- Task instructions: Restate every line below word for word, but drop each picture.

- Data provided:
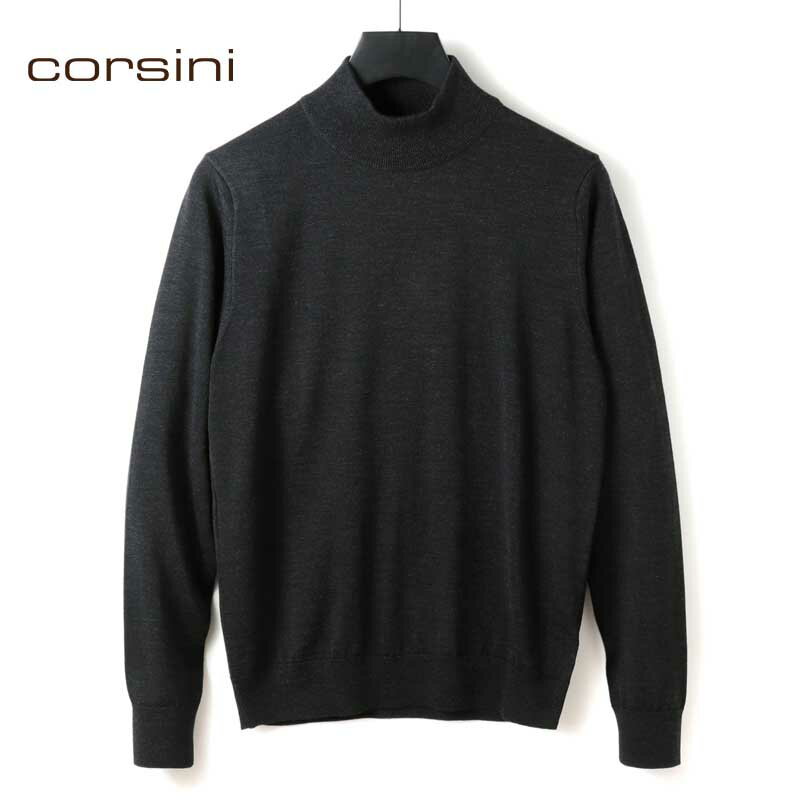 corsini / コルシーニ|Super140'sウルトラスーパーファインウール30Gモックネックニット|(チャコールグレー)| 秋冬 セーター ハイゲージニット ハイネック メンズ 日本製 アウトレット
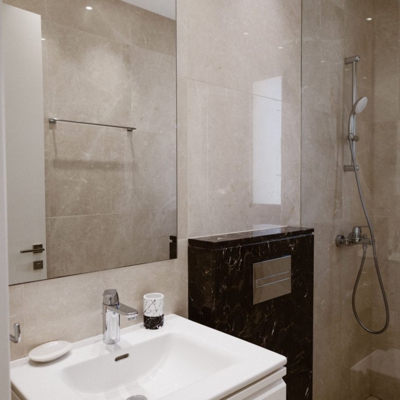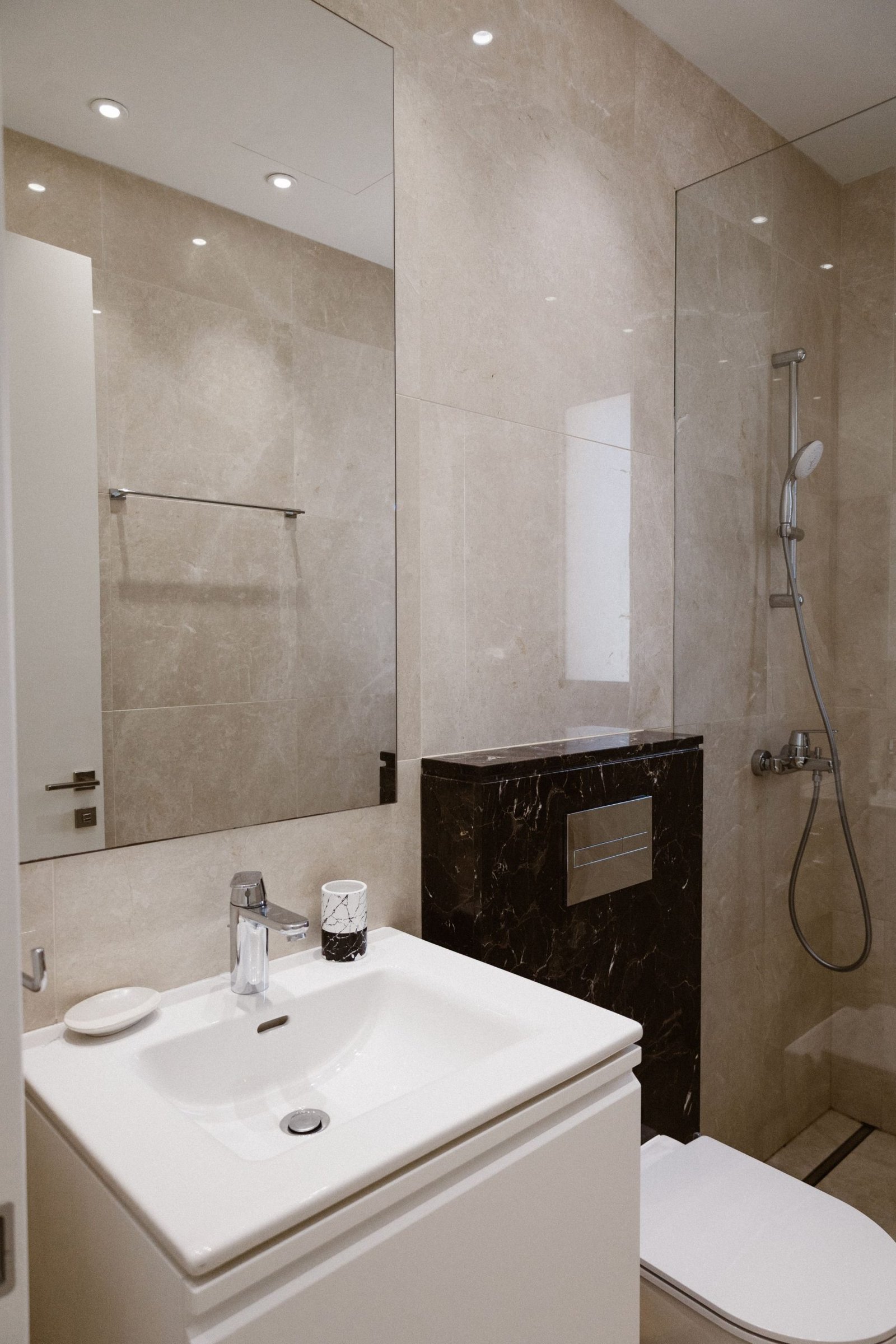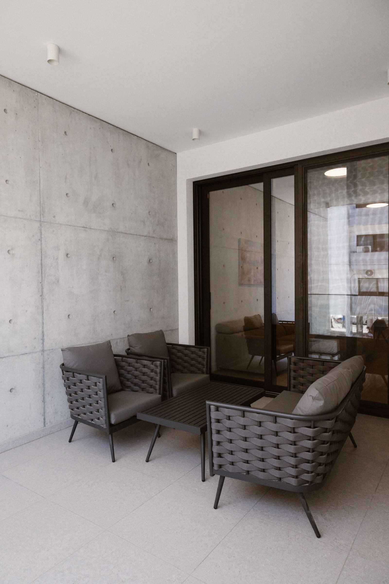 The apartment features two bedrooms, two bathrooms, and an open-plan kitchen and living area. Residents of the complex also enjoy access to a rooftop swimming pool and a shared BBQ area.
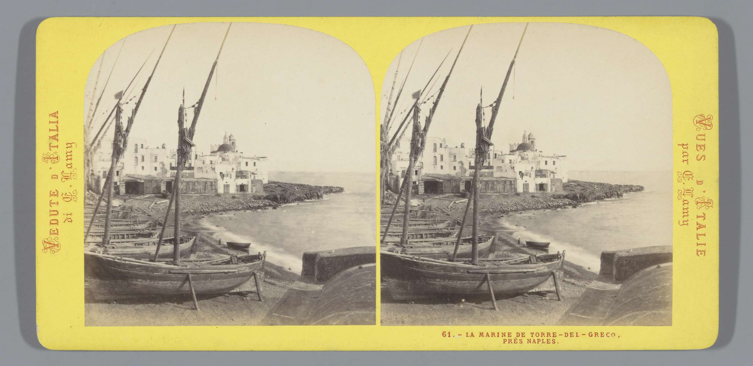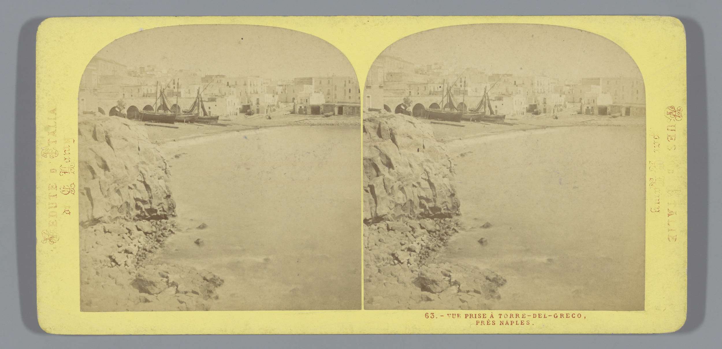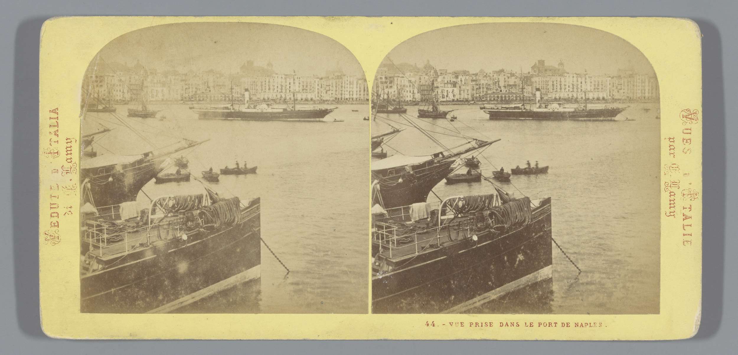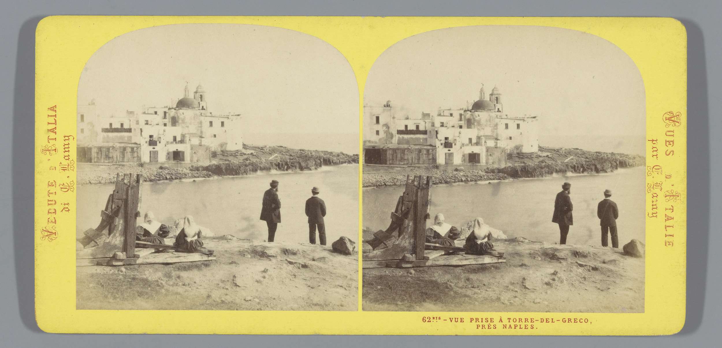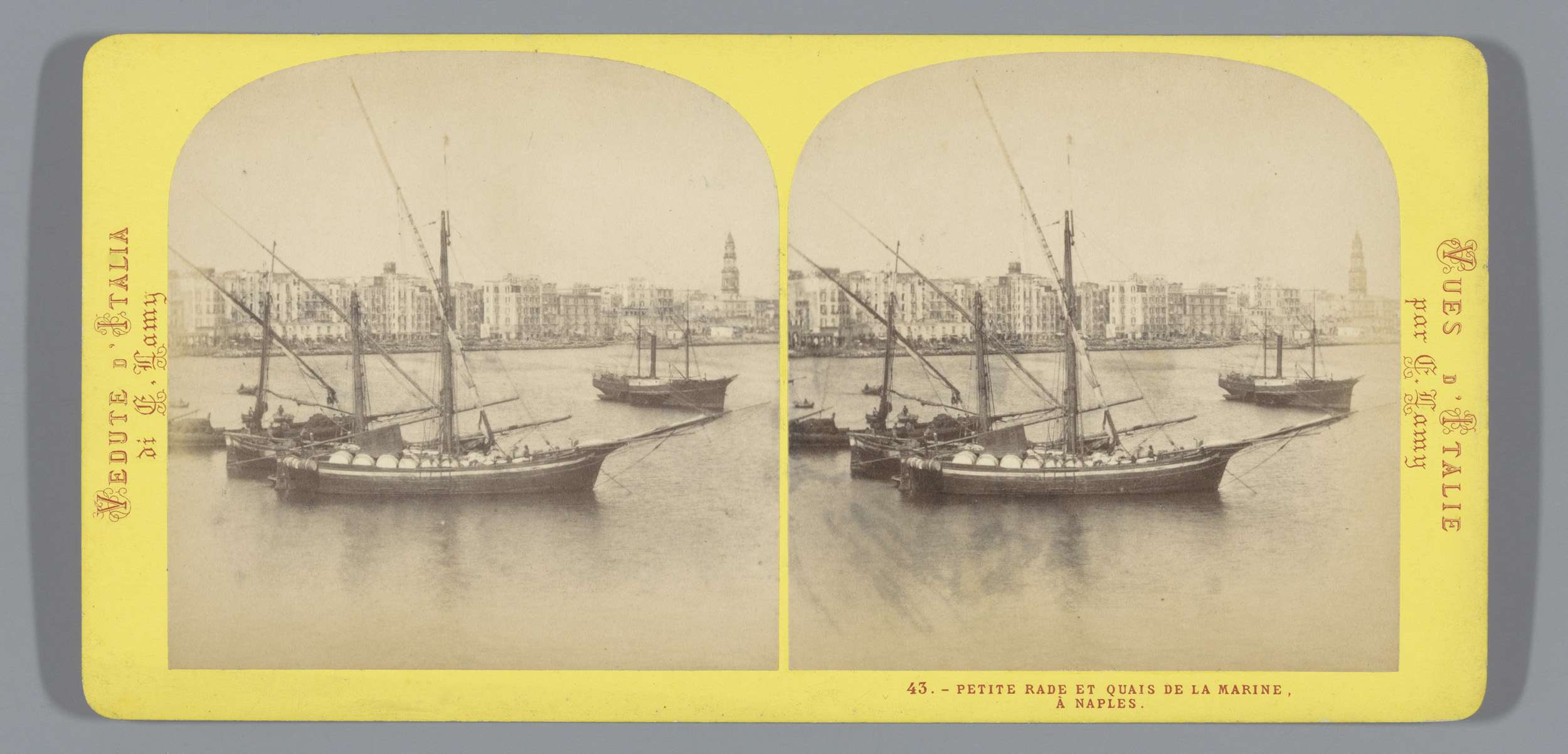 Gezicht op Napels met daarachter de baai en de Vesuv...

- Task answer:
 corsini / コルシーニ|Super140'sウルトラスーパーファインウール30Gモックネックニット|(チャコールグレー)| 秋冬 セーター ハイゲージニット ハイネック メンズ 日本製 アウトレット
 The apartment features two bedrooms, two bathrooms, and an open-plan kitchen and living area. Residents of the complex also enjoy access to a rooftop swimming pool and a shared BBQ area.
 Gezicht op Napels met daarachter de baai en de Vesuv...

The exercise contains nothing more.